I recall a time when my lab partner and I were scratching our heads trying to figure out why our answer was off. We finally realized we forgot to multiply (or divide) by 2 \pi
So from then on when working on a problem we would say "do we need to use 2 \pi?
(Even when it wasn’t relevant…)
Brian

30

Related: there’s a maxim in computer graphics that you should always make an even number of sign errors.

31

I appreciate all the answers.
I’ll have to play with some of the equations and graphers later, when I have some time.
One thing I would like to point out, though: For this application, I’m only interested in the time from the first zero-crossing to the next, i.e. - the first positive half-wave. The voltage across C during this time period is all that matters to me (since the circuit gets reset when the voltage across C reaches some arbitrary V).

32

Fixed my formula and I get the same (0.0508, but close enough). The Desmos plot looks much more like yours now:

33

The capacitor voltage reaches its maximum at very nearly the zero crossing (at 8.2 ms vs. 8.33 ms). The resistance is so high that it never charges up much and therefore the source voltage is higher than the cap voltage until nearly the very end.

34

That sounds correct.
Now, I need to use the formula to calculate what resistance is required for the capacitor to reach, say, 28V at time = 7mS (I’ll need to get this time more exactly, but this is the idea).

35

Looks like t somewhere between 6 and 6.5 mS would be perfect.
6mS gives an instantaneous voltage of 261v, 6.5mS is 216v

36

For what R and C values? It was never clear to me what items were fixed and what were adjustable in your setup. (Just asking so that you can have another set of eyes on the math. For the R and C values quoted in various posts above, you won’t get anywhere close to 200 V on the capacitor ever.)

37

Let’s assume that the C value is fixed at .1µF, and R is completely adjustable.
The “trip” voltage across C is going to be close to 28V.
I need it to reach that voltage after 6mS , but not longer than 6.5mS (although there is some leeway in those values).

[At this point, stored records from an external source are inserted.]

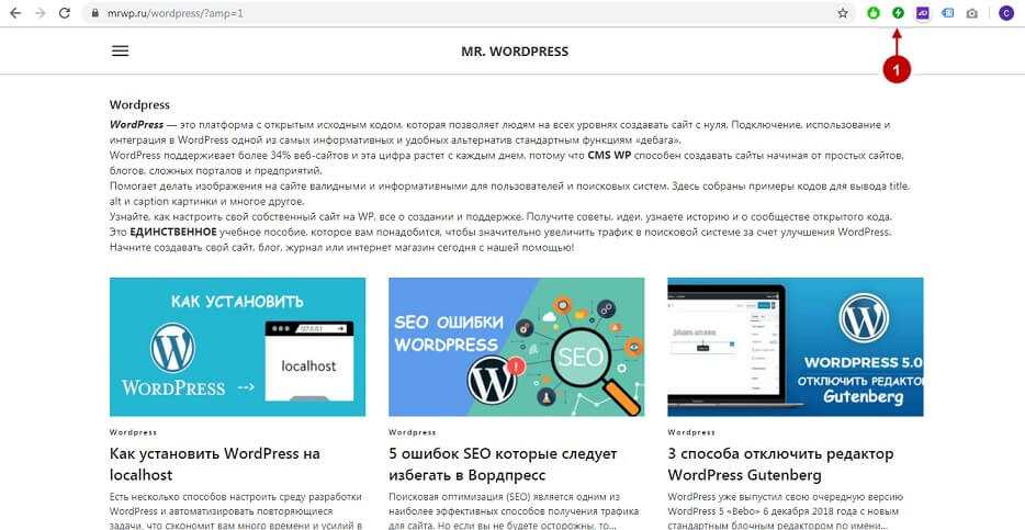 Если есть какие-либо предупреждения или ошибки, то щелчок по значку отобразит предупреждения и грубые ошибки. Значок расширения становится синим, если страница является страницей AMP и доступна через <link rel= «amphtml» href=»…»>, и при нажатии на него будет загружена версия AMP этой страницы.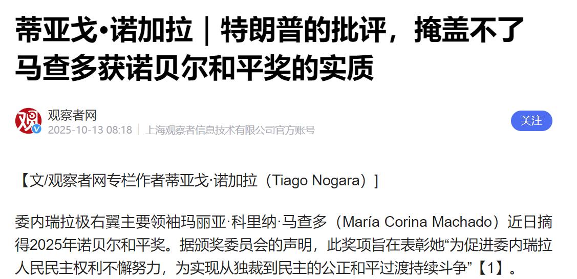 马查多这次荣耀回归,根本不是落难英雄的胜利,而是一场华丽包装下的政治投诚。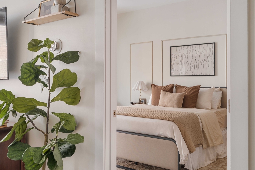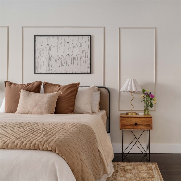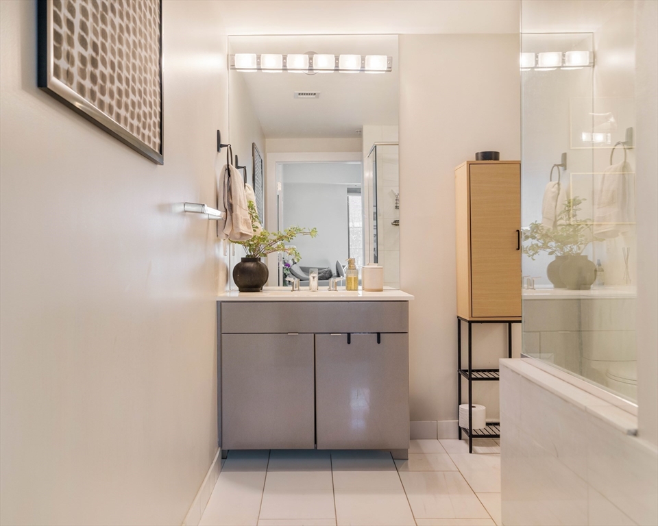 Nestled in Boston’s vibrant South End, this 2-bed 1.5-bath, 1,197 sq. ft. residence offers exceptional convenience just moments from Northeastern University, Copley Square, the Mass Ave Station, and quick access to I-93 and I-90. Step into the heart of the city’s dining, arts, and green spaces with ease. Inside, modern design blends seamlessly with timeless elegance. Rich, deep-toned hardwood floors run throughout, while expansive floor-to-ceiling windows flood the home with natural light. The gourmet kitchen is a showpiece, featuring custom white cabinetry, luxurious chocolate quartz countertops, and premium SS appliances. Both bedrooms are generously sized with excellent closet space, and the private balcony—accessible from the primary suite and the living room—provides a serene spot to enjoy sweeping city views. Additional conveniences include in-unit laundry and a deeded garage parking space. Top it all off with a stunning shared rooftop deck offering panoramic views of the city

If R ended up being too small (like, under 100KΩ), I could decrease C. A small R would mean more power dissipation, so I’d want to increase it (R, that is).

38

Here’s what I get:

For 1.0 MΩ, 0.1 µF: V_c at 6 ms is 28.8 V and at 6.5 ms is 31.0 V,

For 1.1 MΩ, 0.1 µF: V_c at 6 ms is 26.2 V and at 6.5 ms is 28.3 V,

And you’ll be dumping about a quarter watt in the resistor.

(Edit: To add the obvious, the level of precision quoted is assuming idealizations elsewhere. Realities of the switching circuits may be relevant.)

39

That’s great!
When I prototype it, I’ll measure the actual voltages and see how close it gets.